Катарина набросила мантилью и спустилась в сад. Здесь было светло и тихо, пожелтевшие листья деревьев влажно блестели, от земли поднималась голубоватая дымка. Катарина бродила по поблекшей траве, пытаясь разобраться в себе, проникнуть в те тайники сердца, что недоступны разуму, и одновременно стремясь отогнать мучительную тоску.

Поздно вечером, когда они легли спать, Катарина внезапно почувствовала на своем теле руки Эрнана. Он молча овладел ею, а потом, не сказав ни слова, повернулся и заснул. И ей было очень странно осознавать, что она не чувствует ни удивления, ни обиды.

С тех пор они мало разговаривали; Эрнан весь день пропадал в гавани, а за ужином они с Паулем обсуждали торговые сделки.

Катарина не помнила, что она делала днем, о чем думала; ей казалось, будто она видит бесконечный тягостный сон.

Когда после свадьбы прошло две недели, сон внезапно разбился, как стекло, исчез, как туман, и унылая, безрадостная, скучная, как осенний вечер, жизнь неожиданно повернула в иное русло.

Катарина собиралась навестить Инес и одевалась в своей комнате. Она нетерпеливо дергала платье, не понимая, почему оно как-то странно на ней сидит. В конце концов ей пришлось позвать Неле и попросить девушку потуже затянуть шнуровку. Еще неделю назад Катарина была тонкой и стройной, а теперь будто располнела в талии. Случайно повернувшись боком, девушка с удивлением увидела в зеркале свой выпирающий живот.
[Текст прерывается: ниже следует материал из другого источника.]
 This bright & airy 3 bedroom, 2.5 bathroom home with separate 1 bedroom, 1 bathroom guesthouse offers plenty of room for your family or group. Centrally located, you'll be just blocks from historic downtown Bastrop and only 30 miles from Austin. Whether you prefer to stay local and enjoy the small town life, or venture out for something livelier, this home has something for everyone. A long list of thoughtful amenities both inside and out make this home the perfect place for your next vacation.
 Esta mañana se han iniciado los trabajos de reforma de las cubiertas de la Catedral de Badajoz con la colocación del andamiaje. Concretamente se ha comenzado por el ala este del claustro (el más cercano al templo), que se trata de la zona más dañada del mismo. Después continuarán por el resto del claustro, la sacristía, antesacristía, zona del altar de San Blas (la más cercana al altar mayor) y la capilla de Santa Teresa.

– Что это? – медленно произнесла она. – Будто какая-то болезнь…

Неле смотрела на нее как зачарованная.

– Да, верно… Может, кого-нибудь позвать?

– Не знаю…

В этот момент из соседней комнаты вышла Ютте, вторая служанка; она несла платья молодой госпожи. Вероятно, она слышала их разговор, потому что сначала застыла как вкопанная, а после пробормотала:

– Я бы назвала эту болезнь только одним словом.
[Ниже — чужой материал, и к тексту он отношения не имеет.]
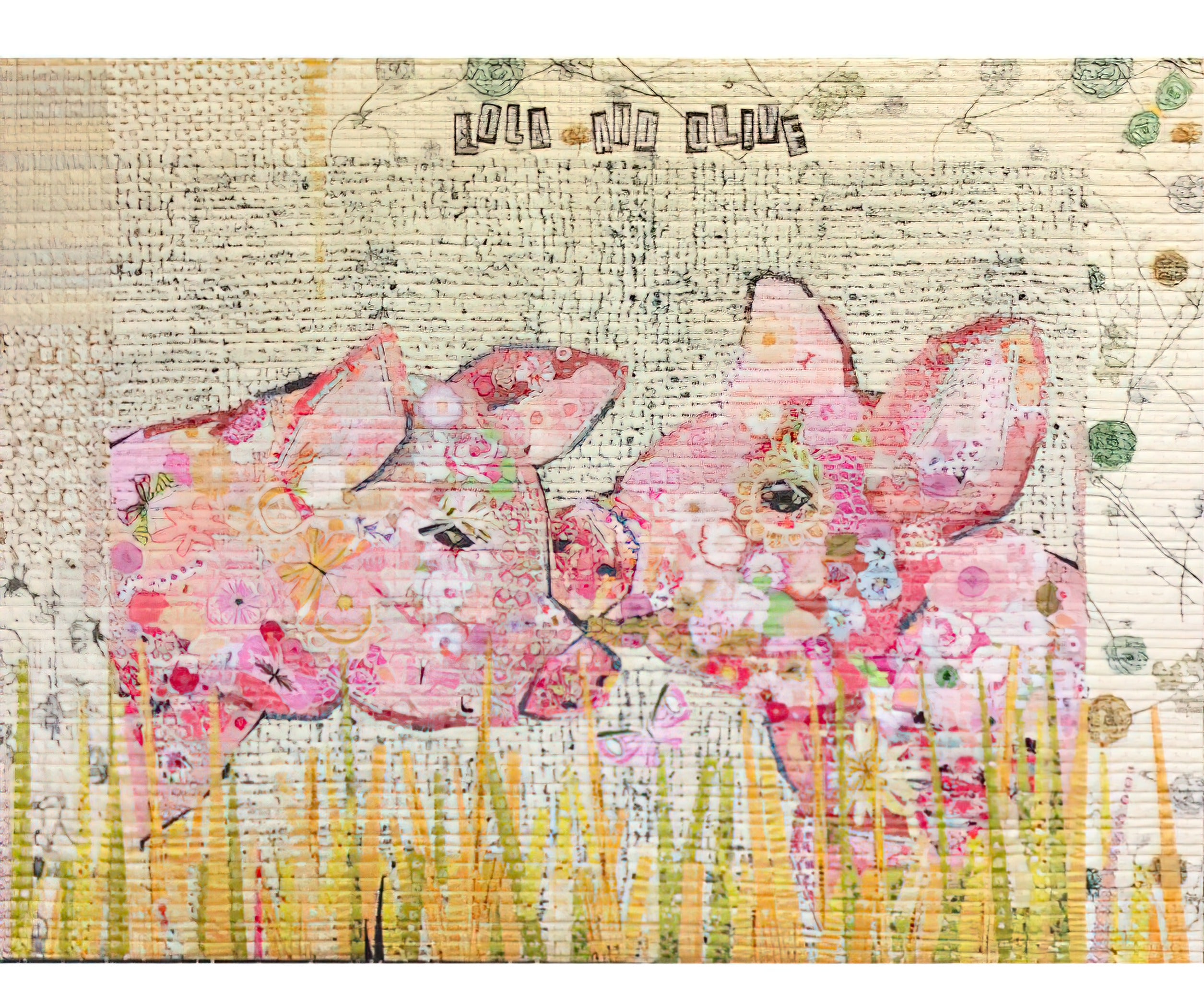 Laura Heine's Lola and Olive, the Pigs collage pattern. Full size pattern and complete instructions included. Finished size: 38" x 32".

– Каким? – все еще ни о чем не догадываясь, спросила Катарина.

Когда Ютте произнесла роковое слово, Неле в испуге бросилась поднимать юную госпожу: Катарина упала в обморок.

Она очнулась в своей постели и услышала, как в комнате тихо разговаривают трое: ее отец, Эрнан и незнакомый мужчина, наверное доктор.

Катарина приготовилась к тому, что ее сердце исполосует острая боль, но ошиблась: на душе было удивительно радостно и спокойно. Она чувствовала, что спасена, избавлена от отчаяния и бесплодной тоски о прошлом.

Она решила не открывать глаз, притвориться спящей и послушать, о чем говорят мужчины.

– Не беспокойтесь, с ней все в порядке, – донесся до нее уверенный голос лекаря. – Видите, лицо порозовело, дыхание ровное, она просто спит. Пусть отдыхает, не тревожьте ее. Сеньора Монкада – здоровая молодая женщина, и я уверен в том, что ребенок тоже родится здоровым. Ее ничего не беспокоило, иначе она давно бы заметила, что с ней что-то не так. Обморок не опасен, просто ее ошеломило это известие, и она испугалась. Такое иногда случается с юными и неопытными женщинами. Когда сеньора проснется, расскажите ей, как прекрасно иметь ребенка: она быстро успокоится и повеселеет.

– Да, но… – начал было Пауль, но тут же замолчал: вероятно, Эрнан сделал ему какой-то знак.

– Как давно она находится в… этом положении? – осторожно спросил Эрнан.

– Не меньше трех месяцев, – сказал врач.

Эрнан, отец и доктор вышли в соседнюю комнату и прикрыли за собой дверь. Катарина немедленно встала и осторожно заглянула в узкую щель. Эрнан и Пауль были одни; наверное, лекарь ушел. Они негромко переговаривались; Эрнан стоял спиной к дверям, и Катарина видела только багровое от гнева или стыда лицо отца, его выпяченные губы и водянистые голубые глаза.

– Поймите, Пауль, в то время я даже не был знаком с Катариной. Поверьте, я не трогал вашу дочь до первой брачной ночи.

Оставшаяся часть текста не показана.